ERs regulate epithelial to mesenchymal transition (EMT)

EMT-driving Factors are often critical regulators in developmental biology and pathological conditions. As such, TGFβ, hypoxia, Notch, Wnt, BMP, MMPs, PDGF, PTHrP, VEGF, EGFR, interleukins (IL-6, IL-8, IL-11, and IL-1), catepsin K, and αvβ3 integrin which are involved in EMT and mesenchymal to epithelial transition (MET) processes in breast cancer are also found in the bone microenvironment. EMT regulated-genes such as E-cadherin, N-cadherin, Zeb1/2, vimentin, mir200, snail, slug and twist1 are crucial for bone metastasis[58,148-150]. Interestingly, estrogen receptors regulate most of these factors.
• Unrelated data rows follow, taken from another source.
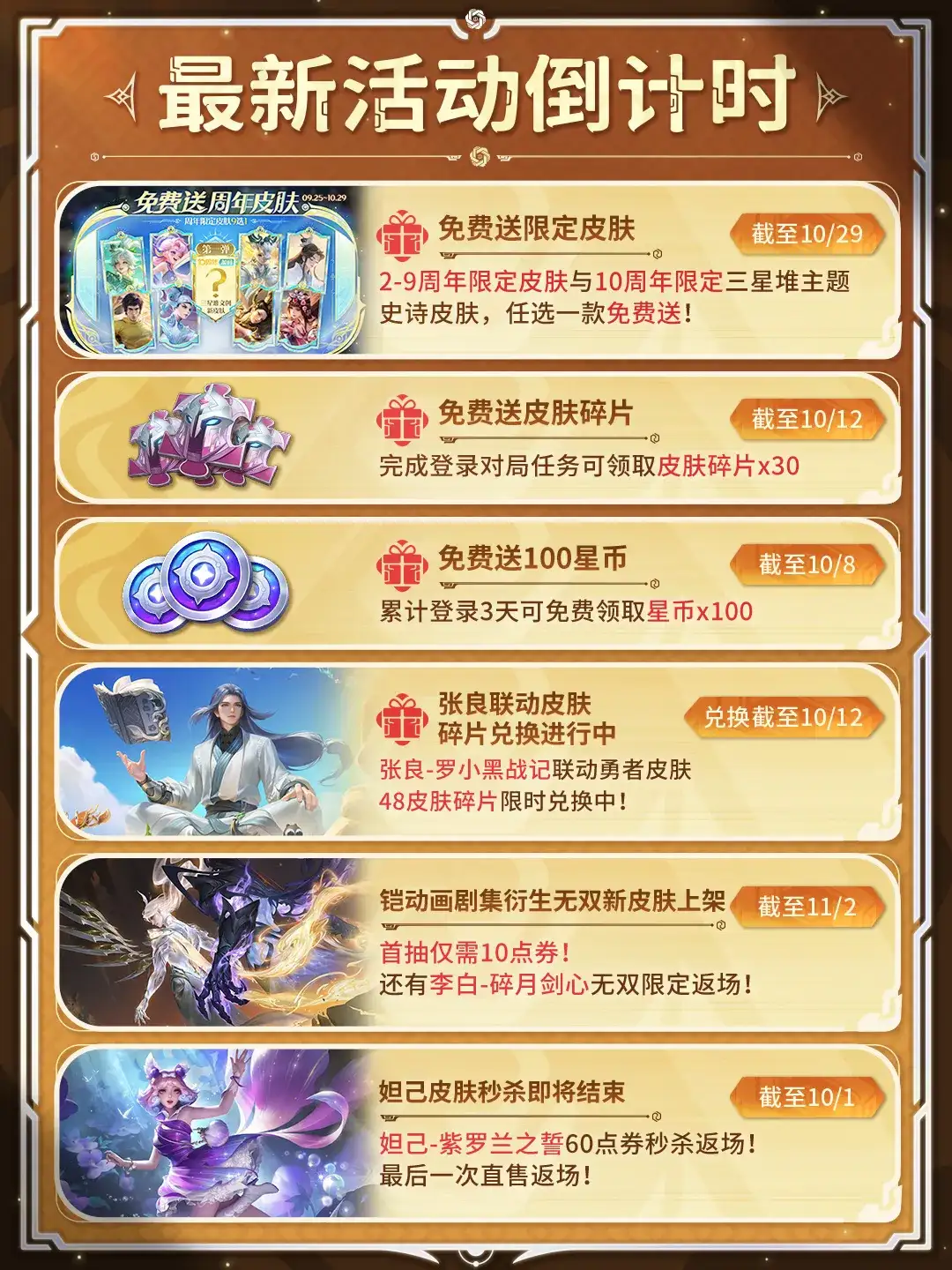 ⭐【免费送】2-9周年限定皮肤与10周年限定三星堆主题史诗皮肤任选一款带走!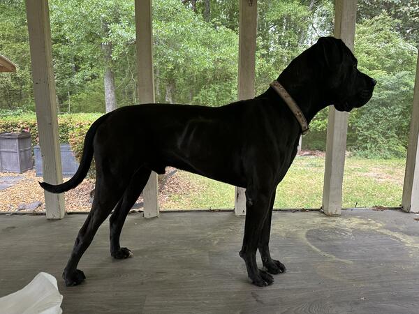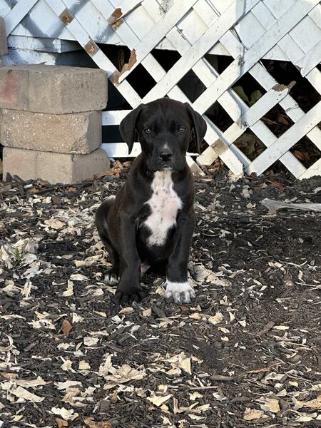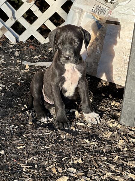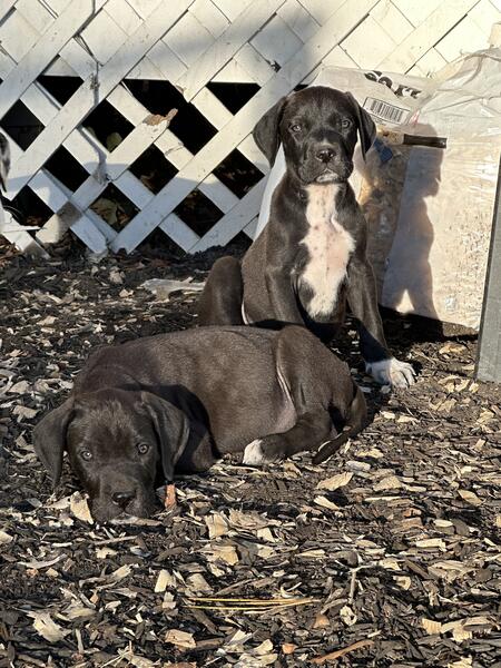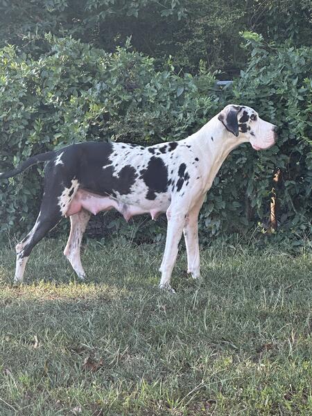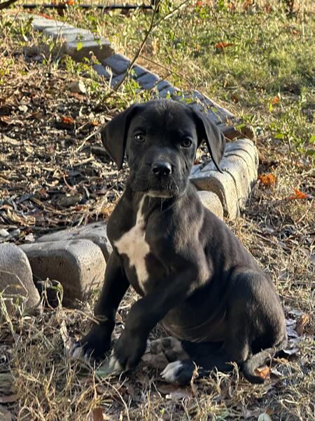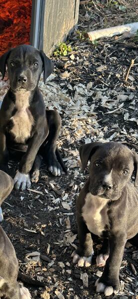 message paintedacres about this ad DOB September 13th RTG November 8th Mom is an AKC euro Dane and dad is mastiff! Both parents are here on site, Lawrenceville, GA. Transport can be arranged. They are mismarked mantle (black with white markings) natural ears and tails with declaws removed. expected to be over 100 pounds and 30 at the shoulder or more. Pricing is $800 UTD on shots, worming, vet checked with records, puppy pack and embark discount card. Free airport delivery and health certificate can be obtained for airlines for an additional cost. Parents are genetically health tested and clear. Kennel training and potty training will be started. Socialized with children ages 5-10 as well as dogs ranging in size from 7-150lbs. Loud noise exposure (sirens, horns, fireworks) THEY ARE ALL MALES |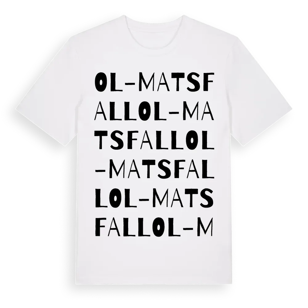 Ol-Matsfall ordlek t-shirt är inspirerad av Ol-Matsfall i Dalarnas län, Sverige. Tröjan är designad för dig som har en speciell koppling till platsen – oavsett om du bor här, har rötterna här eller bara älskar Ol-Matsfall.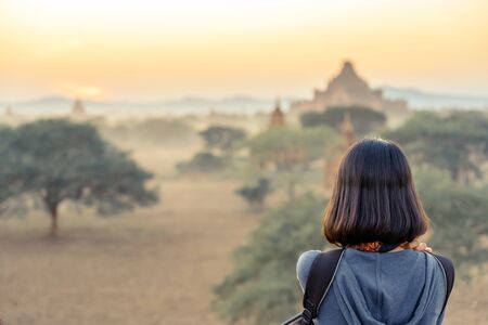 Back wiew of tourists admire and take photography while the sun sets at the ancient pagoda temples in the asian historic heritage city Bagan, Myanmar
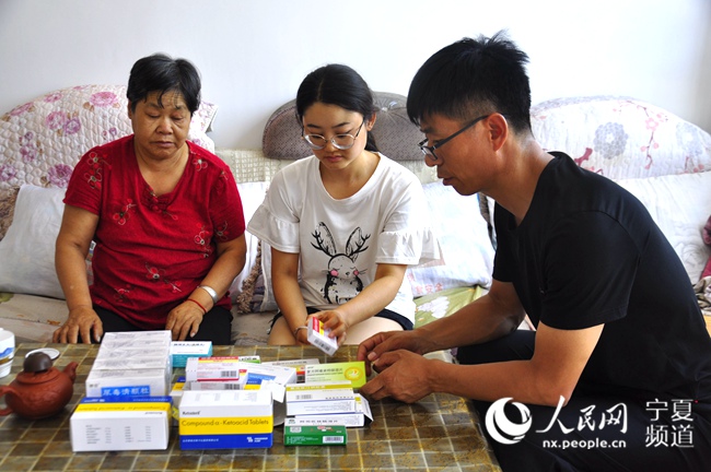 大武口區富民村駐村第一書記馬占鋒(右)到貧困戶家中訪問。吳隆重 攝

ERα was shown to affect E-cadherin expression in cells such as MCF7 where knocking down the receptor induced loss of E-cadherin expression[151,152]. However, this property can be lost in advance stages of breast cancer[153]. Intriguingly, the ERβ isoform displays strong regulatory effects on EMT/MET factors and metastasis in breast cancer. ERβ expression was enough to induce E-cadherin expression in basal-like ERα-negative cells, suggesting anti-metastatic functions of the receptor in breast cancer[154,155]. Despite significant progress, the role of ERs in bone metastasis is still uncertain.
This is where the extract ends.